[Opening Material for the task section]

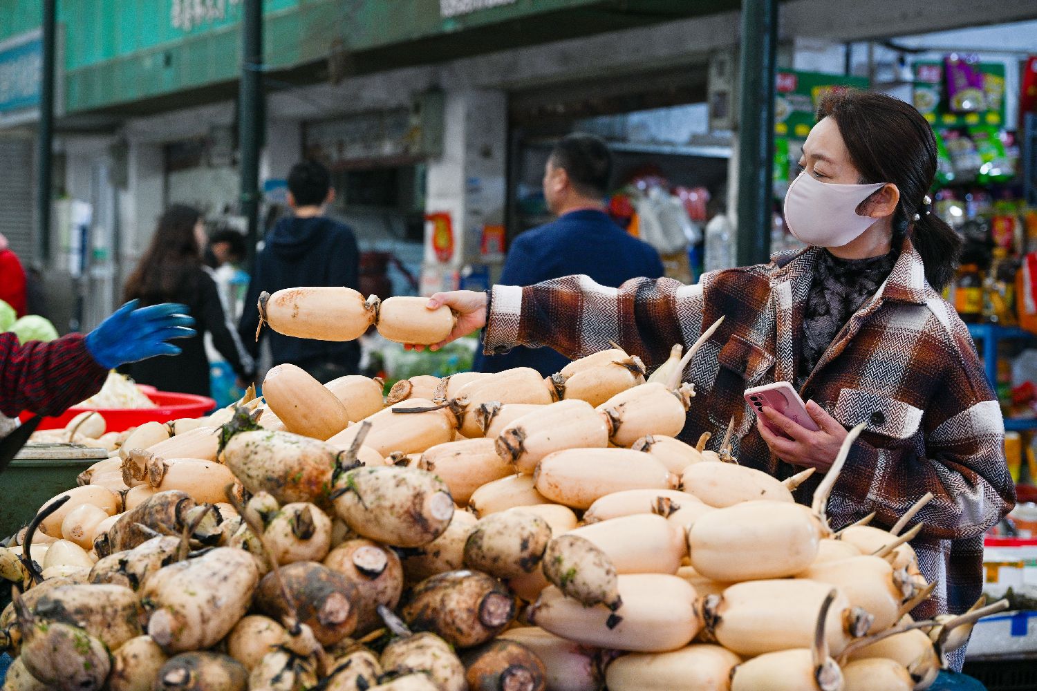 10月15日,消费者在江苏南京一家农贸市场选购蔬菜。
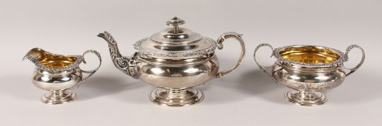 A GEORGE IV SCOTTISH SILVER THREE PIECE TEA SET, with cast shell and scroll sides, teapot, sugar basin and milk jug.
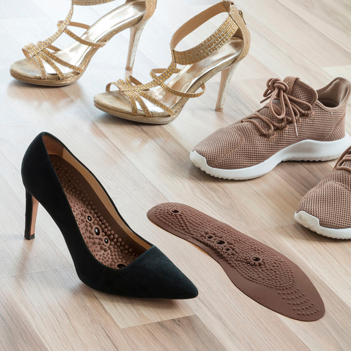 Niiden innovatiivinen design lisää mukavuutta ja tuo rentouttavaa hyvänolon tunnetta. Strategisissa kohdissa olevat magneettiset painantapisteet stimuloivat ja hierovat jalkoja kävelyn aikana. Pohjallisissa on reiät hengittävyyttä lisäämässä ja hajuhaittoja estämässä.
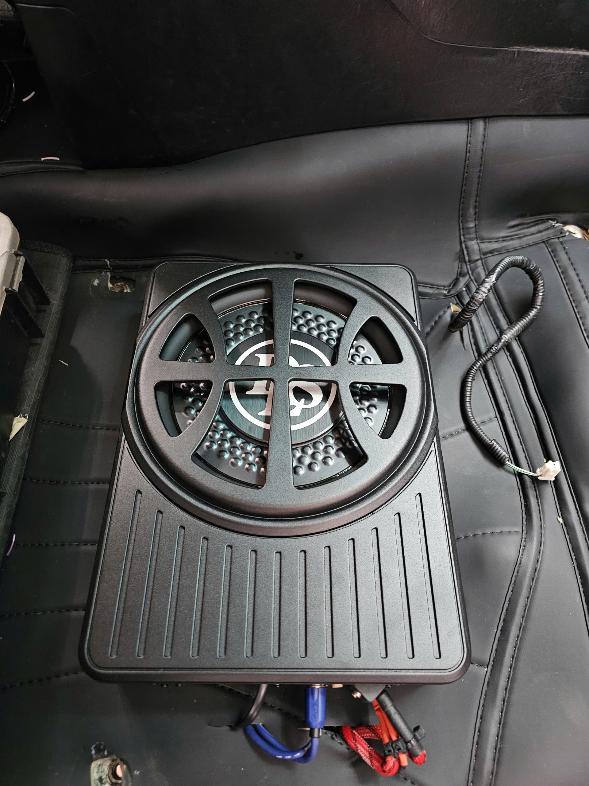 Loa sub điện là bộ phận tái tạo dải âm trầm - siêu trầm trong hệ thống âm thanh xe hơi. Loa sub điện gồm 1 loa subwoofer và 1 ampli tích hợp sẵn, được đóng trong thùng. Đường kính loa sub điện ô tô thường là 8 hoặc 10 inch. Các dòng loa sub điện trên thị trường thường có công suất RMS khoảng 150 Watts, công suất Max khoảng 400 Watts. Nhờ tích hợp sẵn cùng ampli trong thùng nên 1 bộ loa sub điện có kích thước nhỏ gọn, dễ lắp đặt. Loa sub điện tường được lắp ở dưới ghế phụ hoặc chỗ để chân ghế phụ. Chiếc xe Toyota Fortuner trong bài viết sử dụng loa sub điện Thụy Điển DLS ACW10, đường kính loa sub 10 inch, công suất RMS 200W.
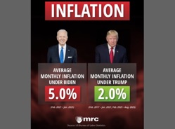 [Newsbusters.org] Despite rising in August, annual inflation has now remained below the 3.0% level recorded in President Joe Biden's last month in office in every month of President Donald Trump's second term, data released Thursday by the US Bureau of Labor Statistics (BLS) show. (Screengrab image: via MRC)

[Closing Material for the task section]

● **Work required**
When you restate the listing above, give each line word for word but leave out every image.

● **Written solution**
 10月15日,消费者在江苏南京一家农贸市场选购蔬菜。
 A GEORGE IV SCOTTISH SILVER THREE PIECE TEA SET, with cast shell and scroll sides, teapot, sugar basin and milk jug.
 Niiden innovatiivinen design lisää mukavuutta ja tuo rentouttavaa hyvänolon tunnetta. Strategisissa kohdissa olevat magneettiset painantapisteet stimuloivat ja hierovat jalkoja kävelyn aikana. Pohjallisissa on reiät hengittävyyttä lisäämässä ja hajuhaittoja estämässä.
 Loa sub điện là bộ phận tái tạo dải âm trầm - siêu trầm trong hệ thống âm thanh xe hơi. Loa sub điện gồm 1 loa subwoofer và 1 ampli tích hợp sẵn, được đóng trong thùng. Đường kính loa sub điện ô tô thường là 8 hoặc 10 inch. Các dòng loa sub điện trên thị trường thường có công suất RMS khoảng 150 Watts, công suất Max khoảng 400 Watts. Nhờ tích hợp sẵn cùng ampli trong thùng nên 1 bộ loa sub điện có kích thước nhỏ gọn, dễ lắp đặt. Loa sub điện tường được lắp ở dưới ghế phụ hoặc chỗ để chân ghế phụ. Chiếc xe Toyota Fortuner trong bài viết sử dụng loa sub điện Thụy Điển DLS ACW10, đường kính loa sub 10 inch, công suất RMS 200W.
 [Newsbusters.org] Despite rising in August, annual inflation has now remained below the 3.0% level recorded in President Joe Biden's last month in office in every month of President Donald Trump's second term, data released Thursday by the US Bureau of Labor Statistics (BLS) show. (Screengrab image: via MRC)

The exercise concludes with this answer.